* [EXERCISE AIM] Reproduce exactly the lines below from the one containing "河源市高新技术开发区有限公司" through the one containing "That mass was", including both, and nothing else.

* [RECORDS SUPPLIED]
=== Begin Enclosure ===

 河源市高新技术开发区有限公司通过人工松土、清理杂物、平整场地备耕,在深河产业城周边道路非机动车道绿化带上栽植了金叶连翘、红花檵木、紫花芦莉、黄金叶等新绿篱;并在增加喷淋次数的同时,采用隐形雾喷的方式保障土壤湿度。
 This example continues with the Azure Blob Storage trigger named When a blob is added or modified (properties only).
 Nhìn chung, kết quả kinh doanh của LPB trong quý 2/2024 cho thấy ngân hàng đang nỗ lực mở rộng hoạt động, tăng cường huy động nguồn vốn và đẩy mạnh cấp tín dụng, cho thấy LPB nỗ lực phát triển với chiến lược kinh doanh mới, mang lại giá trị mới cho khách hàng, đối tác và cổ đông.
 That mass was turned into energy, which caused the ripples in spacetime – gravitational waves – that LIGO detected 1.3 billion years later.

=== End Enclosure ===
=== Begin Enclosure ===

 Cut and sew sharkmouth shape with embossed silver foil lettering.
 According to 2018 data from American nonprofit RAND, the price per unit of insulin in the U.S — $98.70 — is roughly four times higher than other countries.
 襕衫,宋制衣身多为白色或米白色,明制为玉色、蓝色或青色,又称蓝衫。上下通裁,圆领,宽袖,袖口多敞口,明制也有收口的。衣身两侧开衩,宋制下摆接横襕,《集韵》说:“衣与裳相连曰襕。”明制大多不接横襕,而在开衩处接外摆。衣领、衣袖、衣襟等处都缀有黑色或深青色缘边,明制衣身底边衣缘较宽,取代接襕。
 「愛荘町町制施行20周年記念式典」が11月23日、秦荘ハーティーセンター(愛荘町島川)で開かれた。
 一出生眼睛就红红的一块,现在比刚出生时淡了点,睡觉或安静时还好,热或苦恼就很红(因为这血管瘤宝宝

=== End Enclosure ===
=== Begin Enclosure ===

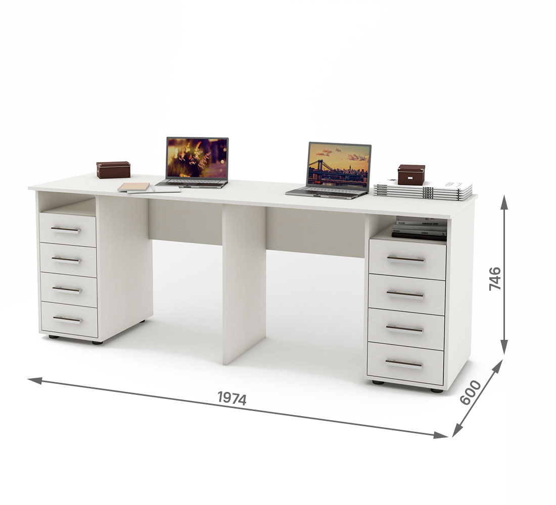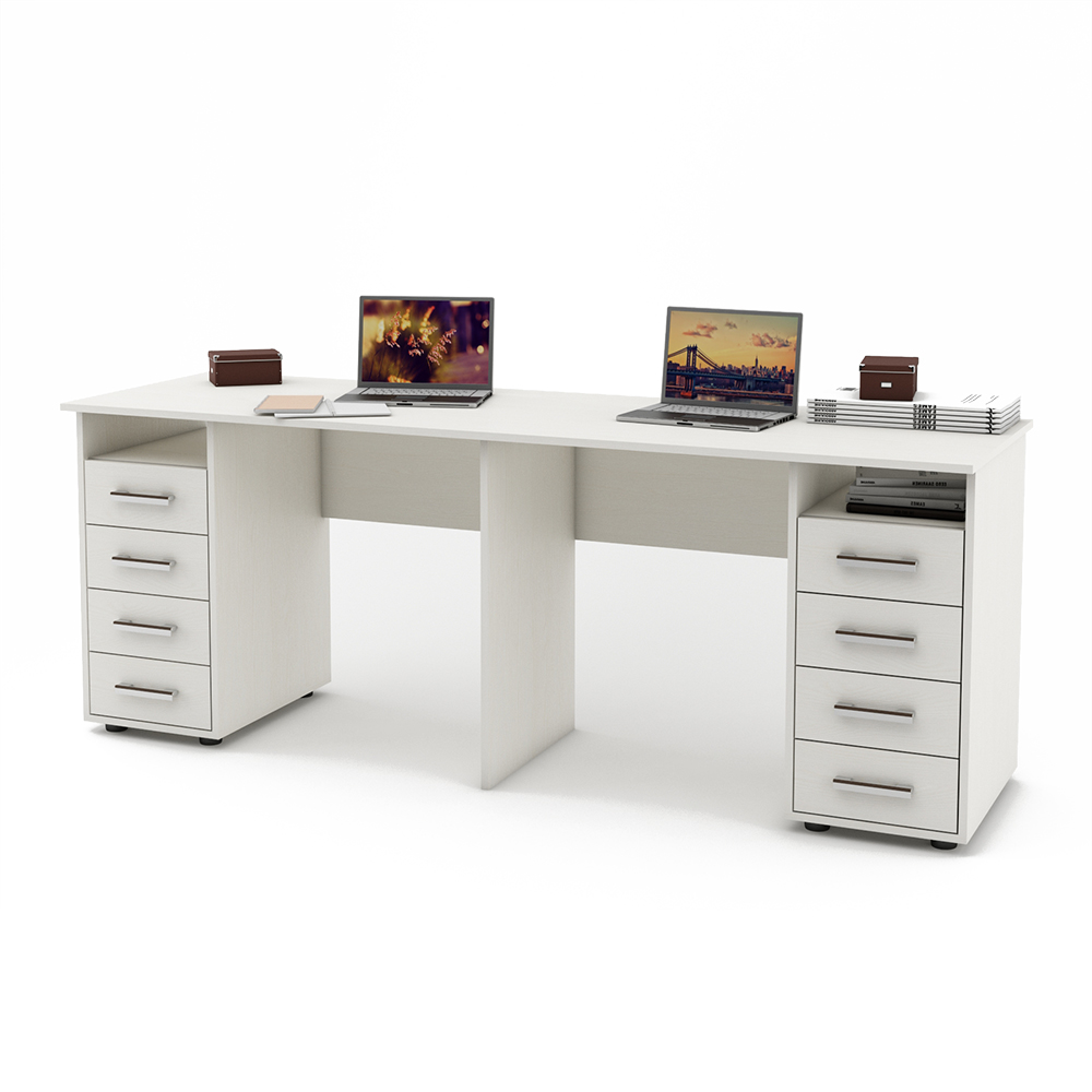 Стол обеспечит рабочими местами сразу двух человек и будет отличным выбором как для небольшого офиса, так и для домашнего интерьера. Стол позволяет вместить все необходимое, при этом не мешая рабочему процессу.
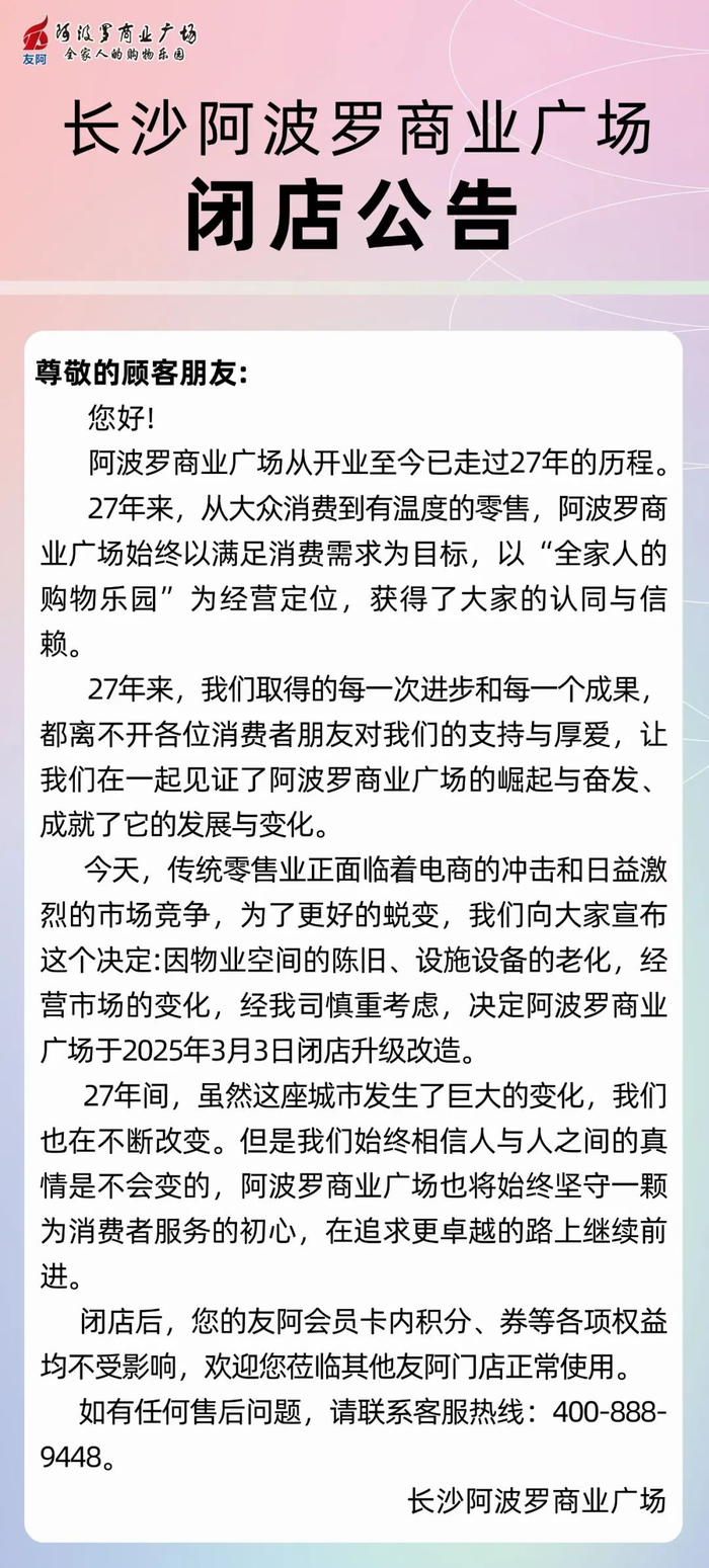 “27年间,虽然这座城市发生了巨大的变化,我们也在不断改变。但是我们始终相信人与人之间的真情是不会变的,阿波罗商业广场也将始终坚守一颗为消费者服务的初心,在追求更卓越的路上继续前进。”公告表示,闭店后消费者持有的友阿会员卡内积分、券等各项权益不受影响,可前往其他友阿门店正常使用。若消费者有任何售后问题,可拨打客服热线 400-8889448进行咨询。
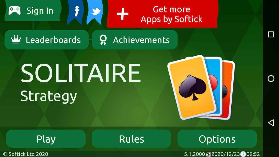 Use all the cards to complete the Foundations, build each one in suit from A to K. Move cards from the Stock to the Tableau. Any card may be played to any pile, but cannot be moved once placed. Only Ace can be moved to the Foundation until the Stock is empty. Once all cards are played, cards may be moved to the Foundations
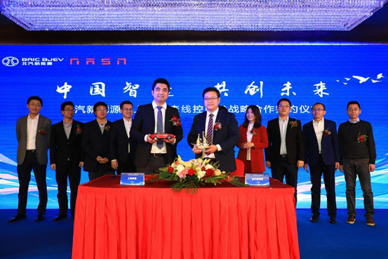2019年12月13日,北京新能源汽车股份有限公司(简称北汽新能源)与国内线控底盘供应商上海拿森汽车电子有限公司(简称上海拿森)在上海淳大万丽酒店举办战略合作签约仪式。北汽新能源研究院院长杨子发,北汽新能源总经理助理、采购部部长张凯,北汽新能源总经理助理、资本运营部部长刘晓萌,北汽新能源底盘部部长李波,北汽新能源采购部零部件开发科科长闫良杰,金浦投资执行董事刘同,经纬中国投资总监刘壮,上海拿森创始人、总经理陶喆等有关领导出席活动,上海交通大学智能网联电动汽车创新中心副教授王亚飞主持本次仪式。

=== End Enclosure ===

* [EXPECTED ANSWER]
 河源市高新技术开发区有限公司通过人工松土、清理杂物、平整场地备耕,在深河产业城周边道路非机动车道绿化带上栽植了金叶连翘、红花檵木、紫花芦莉、黄金叶等新绿篱;并在增加喷淋次数的同时,采用隐形雾喷的方式保障土壤湿度。
 This example continues with the Azure Blob Storage trigger named When a blob is added or modified (properties only).
 Nhìn chung, kết quả kinh doanh của LPB trong quý 2/2024 cho thấy ngân hàng đang nỗ lực mở rộng hoạt động, tăng cường huy động nguồn vốn và đẩy mạnh cấp tín dụng, cho thấy LPB nỗ lực phát triển với chiến lược kinh doanh mới, mang lại giá trị mới cho khách hàng, đối tác và cổ đông.
 That mass was turned into energy, which caused the ripples in spacetime – gravitational waves – that LIGO detected 1.3 billion years later.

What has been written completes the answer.